Would you transcribe exactly the lines from the beginning of the records below through the line with "Levis denim jeans, zip-up, high", both included, omitting the pictures?

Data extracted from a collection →
===
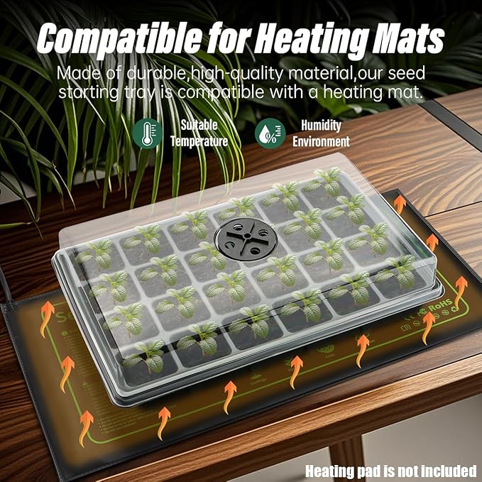 - 【With Transparent Lids】The 5 packs seedling starter trays also come with domes to keep the humidity level high and to ensure seed germination. The transparent lids provide a clear view of your sprouts' growth. The seeding starting trays are thoughtfully designed with touches like the transparent controllable vents that should make seedlings and cuttings very comfortable.
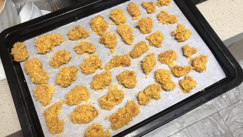 4. 烤盘垫烤纸,把鸡米花摆放好
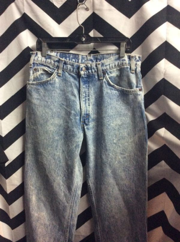 Levis denim jeans, zip-up, high rise waist, distressed, acid washed, light blue, size 36″W
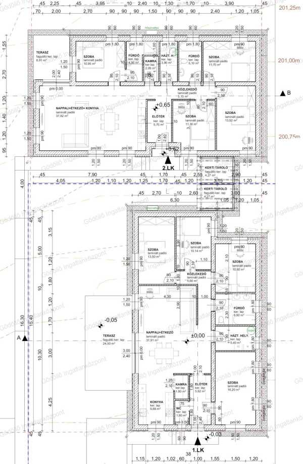 Gödöllő központhoz közeli kertvárosi részén, nappali + 4 szobás újépítésű ikerházfél referenciákkal rendelkező, megbízható építőtől eladó! Műszaki paraméterek: - 30-as Porotherm tégla falazat + 10cm grafit szigetelés, - beton cserépfedés, - födémen 20cm vastag kőzetgyapot, - 3 réteg üvegezésű, 5 légkamrás hőszigetelt nyílászárókkal, redőny előkészítéssel, - kondenzációs kazán vagy hőszivattyú (+3Mft), padlófűtéssel, - riasztó előkészítés, - hűtő-fűtő klíma 250.000.-Ft-ig, - bejárati ajtó: 250.000.-Ft, - beltéri ajtók: 70.000.-Ft/db, - kerámia burkolatok 5.500.-Ft/nm, - parketta 4.500.-Ft/nm, - mosdó 20.000.-Ft/db, - WC 30.000.-Ft/db, - csaptelepek 15.000.-Ft/db, - kád 50.000.-Ft, - zuhanyfolyóka 25.000.-Ft, - helyiségenként 1db kiállás + kiállások 25.000.-Ft/db, - helyiségenként 1db kapcsoló + kapcsolók 35.000.-Ft/db. Elosztás: - előtér, nappali-konyha-étkező, kamra, közlekedő, 4 szoba, fürdő, háztartási helyiség + 8,91nm terasz + 4,27nm kerti tároló Telek: - 500nm-es telken helyezkedik el, parkoláshoz kocsibeálló kerül kialakításra, - kaputól a bejárati ajtóig 1m széles, térkövezett járda, - Kerítés díszkővel, fa vagy acél közökkel. Környék: - Elhelyezkedése kiváló, iskola, óvoda, helyi és távolsági buszmegálló a közelben. Az ingatlant megbízható kivitelező építi! Burkolatok, belső ajtók a vevői igényei szerint még szabadon választhatók! Kérésre teljes műszaki tartalmat, alaprajzot szívesen küldünk! Irányár: 129.000.000.-Ft Hivatkozási szám: 2518262. Megtekinthető telefonos időpont egyeztetés alapján: Sápi Balázs +36 20 772-2429 sapibalazs@godolloi.hu GÖDÖLLŐ INGATLANKÖZPONT - www.godolloi.hu: Gödöllő és környéke legnagyobb ingatlan választéka /Gödöllő, Szada, Veresegyház, Kistarcsa, Kerepes, Erdőkertes, Fót, Dunakeszi/ eladó-kiadó családi ház, telek, lakás! Ingatlan építés és felújítás!
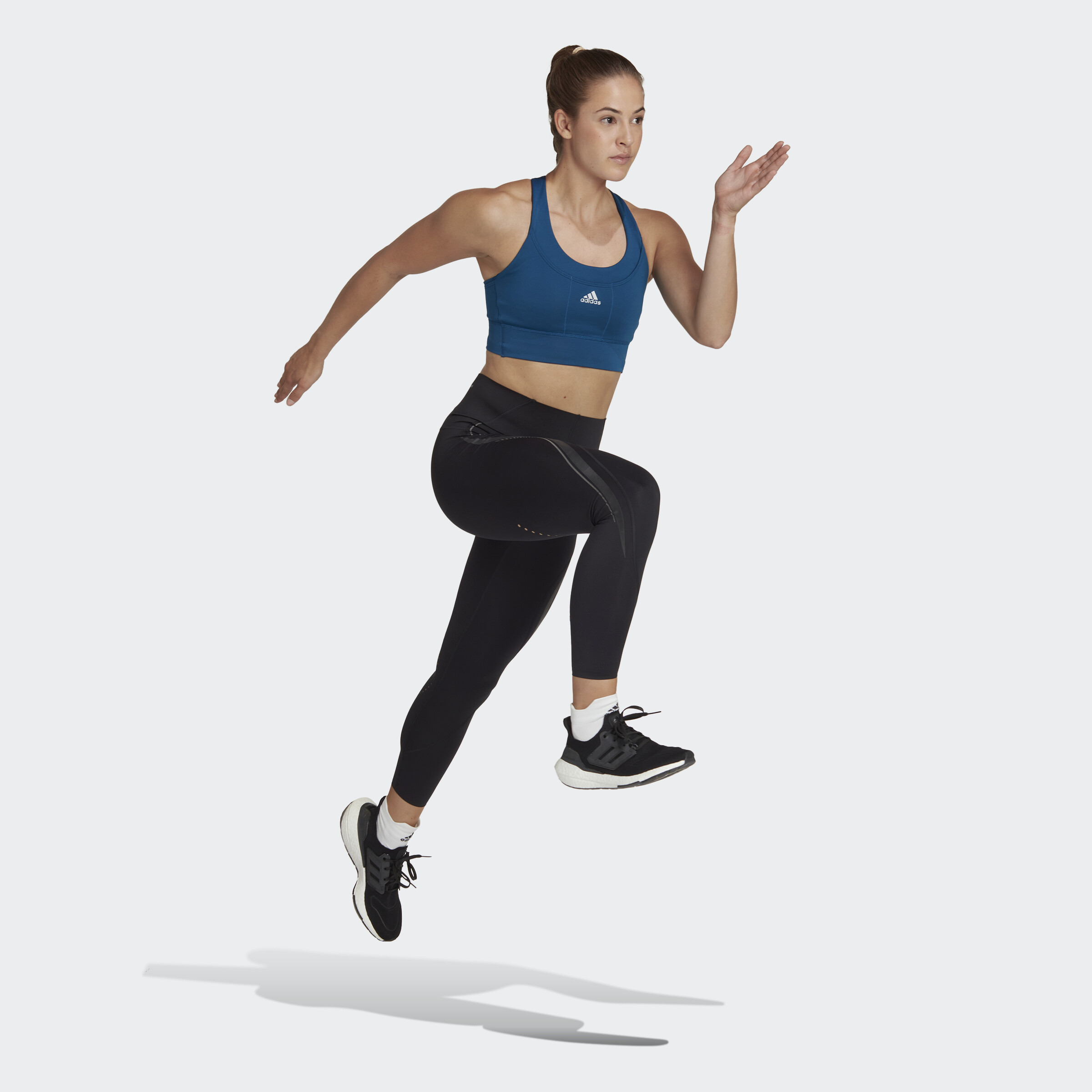 With hidden pockets for handy storage, this adidas medium-support bra has you covered for road runs and hikes. Rack up the kilometres in comfort, thanks to a design that conforms and stretches to your shape. Stay dry when you (or the weather) turn up the heat with moisture-absorbing AEROREADY. Head out at dusk or dawn with details that reflect light. Made with a series of recycled materials, and at least 60% recycled content, this product represents just one of our solutions to help end plastic waste.
===
Result for this exercise →
 - 【With Transparent Lids】The 5 packs seedling starter trays also come with domes to keep the humidity level high and to ensure seed germination. The transparent lids provide a clear view of your sprouts' growth. The seeding starting trays are thoughtfully designed with touches like the transparent controllable vents that should make seedlings and cuttings very comfortable.
 4. 烤盘垫烤纸,把鸡米花摆放好
 Levis denim jeans, zip-up, high rise waist, distressed, acid washed, light blue, size 36″W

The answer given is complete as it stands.